◆ **GIVEN ENTRIES**
============================================================

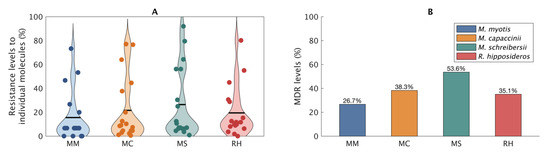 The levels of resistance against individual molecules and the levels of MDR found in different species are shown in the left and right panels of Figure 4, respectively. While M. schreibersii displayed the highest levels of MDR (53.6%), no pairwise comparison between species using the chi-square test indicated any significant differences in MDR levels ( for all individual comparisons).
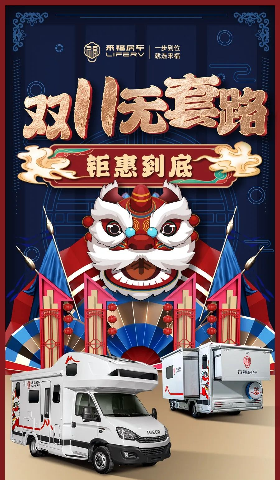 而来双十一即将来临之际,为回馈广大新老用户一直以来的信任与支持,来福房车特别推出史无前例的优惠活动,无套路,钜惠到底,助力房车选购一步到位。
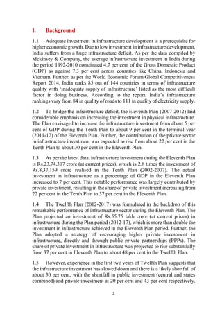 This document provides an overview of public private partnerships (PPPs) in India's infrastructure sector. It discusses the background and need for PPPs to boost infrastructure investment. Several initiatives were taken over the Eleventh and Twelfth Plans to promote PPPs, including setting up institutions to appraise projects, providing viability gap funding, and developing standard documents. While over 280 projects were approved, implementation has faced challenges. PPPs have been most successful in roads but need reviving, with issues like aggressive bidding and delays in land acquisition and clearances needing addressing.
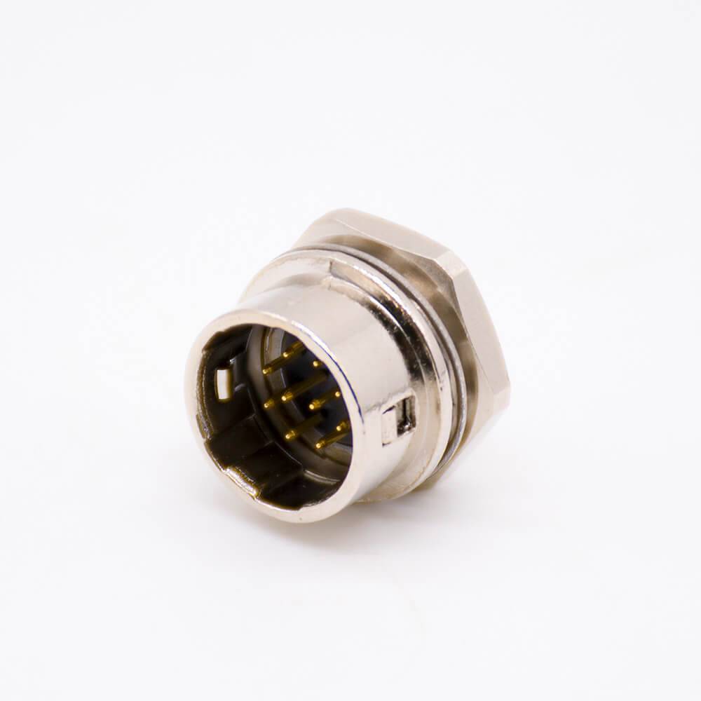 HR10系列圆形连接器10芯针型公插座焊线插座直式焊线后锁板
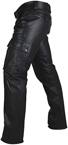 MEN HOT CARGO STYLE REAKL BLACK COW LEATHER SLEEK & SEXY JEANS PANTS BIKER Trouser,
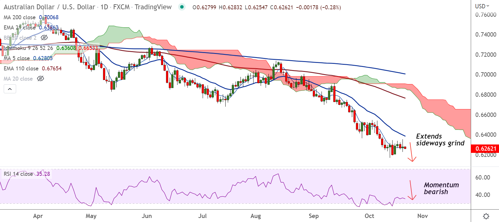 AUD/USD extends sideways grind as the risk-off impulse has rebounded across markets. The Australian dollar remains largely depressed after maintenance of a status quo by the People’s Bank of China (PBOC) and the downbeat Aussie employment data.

============================================================

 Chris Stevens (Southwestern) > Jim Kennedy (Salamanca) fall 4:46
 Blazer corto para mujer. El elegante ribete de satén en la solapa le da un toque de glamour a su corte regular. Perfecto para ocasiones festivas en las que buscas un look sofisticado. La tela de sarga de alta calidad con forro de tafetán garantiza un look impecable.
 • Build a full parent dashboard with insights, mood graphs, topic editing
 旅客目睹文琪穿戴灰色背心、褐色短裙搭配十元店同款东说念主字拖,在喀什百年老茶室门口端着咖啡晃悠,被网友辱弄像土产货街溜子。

============================================================

◆ **ACTIVITY**
Write down again, exactly as given, only the lines above that fall from the line with "Chris Stevens (Southwestern)" to the line with "旅客目睹文琪穿戴灰色背心、褐", inclusive.

◆ **EXERCISE RESULT**
 Chris Stevens (Southwestern) > Jim Kennedy (Salamanca) fall 4:46
 Blazer corto para mujer. El elegante ribete de satén en la solapa le da un toque de glamour a su corte regular. Perfecto para ocasiones festivas en las que buscas un look sofisticado. La tela de sarga de alta calidad con forro de tafetán garantiza un look impecable.
 • Build a full parent dashboard with insights, mood graphs, topic editing
 旅客目睹文琪穿戴灰色背心、褐色短裙搭配十元店同款东说念主字拖,在喀什百年老茶室门口端着咖啡晃悠,被网友辱弄像土产货街溜子。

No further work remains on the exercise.